A positive charge of 1.0 * 10 ^ (-5) C experiences a force of 0.20 N when located at a certain point.What is the electric field intensity at that point ?
E =F/q
Well, if the positive charge is experiencing a force, it must be getting "charged" with some electrifying energy! Haha!
To find the electric field intensity at that point, we can use the formula:
Electric Field Intensity = Force / Charge
So, plugging in the numbers from your question:
Electric Field Intensity = 0.20 N / 1.0 * 10^(-5) C
Calculating it out, we get:
Electric Field Intensity = 20,000 N/C
That's quite an electrifying field! Just make sure you don't get too charged up around it!
To find the electric field intensity at a certain point, you can use the formula:
Electric Field Intensity (E) = Force (F) / Charge (Q)
Given:
Charge (Q) = 1.0 * 10^(-5) C
Force (F) = 0.20 N
Substituting the values into the formula, we get:
E = F / Q
E = 0.20 N / 1.0 * 10^(-5) C
E = 0.20 N / 0.00001 C
E = 20,000 N/C
Therefore, the electric field intensity at that point is 20,000 N/C.

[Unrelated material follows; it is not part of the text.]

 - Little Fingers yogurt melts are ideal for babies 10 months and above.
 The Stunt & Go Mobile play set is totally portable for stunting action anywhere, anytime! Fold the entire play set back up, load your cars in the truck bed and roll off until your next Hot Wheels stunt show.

To find the electric field intensity at a certain point, we can use Coulomb's Law, which states that the force between two charges is directly proportional to the product of their charges and inversely proportional to the square of the distance between them.

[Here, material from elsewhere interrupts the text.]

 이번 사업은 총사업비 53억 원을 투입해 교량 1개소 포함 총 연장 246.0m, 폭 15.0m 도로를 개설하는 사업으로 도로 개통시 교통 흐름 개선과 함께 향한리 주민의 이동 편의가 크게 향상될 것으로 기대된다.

Coulomb's Law is given by the equation:
F = k * q1 * q2 / r^2
where:
F is the magnitude of the force between the charges,
k is Coulomb's constant, which is approximately 9.0 * 10^9 Nm^2/C^2,
q1 and q2 are the magnitudes of the two charges, and
r is the distance between the charges.
In this case, we have a positive charge of magnitude 1.0 * 10^(-5) C experiencing a force of 0.20 N. We can rearrange Coulomb's Law to solve for the electric field intensity (E):
E = F / q1
Substituting the given values, we have:
E = 0.20 N / (1.0 * 10^(-5) C)
Calculating this expression gives us the electric field intensity at that point.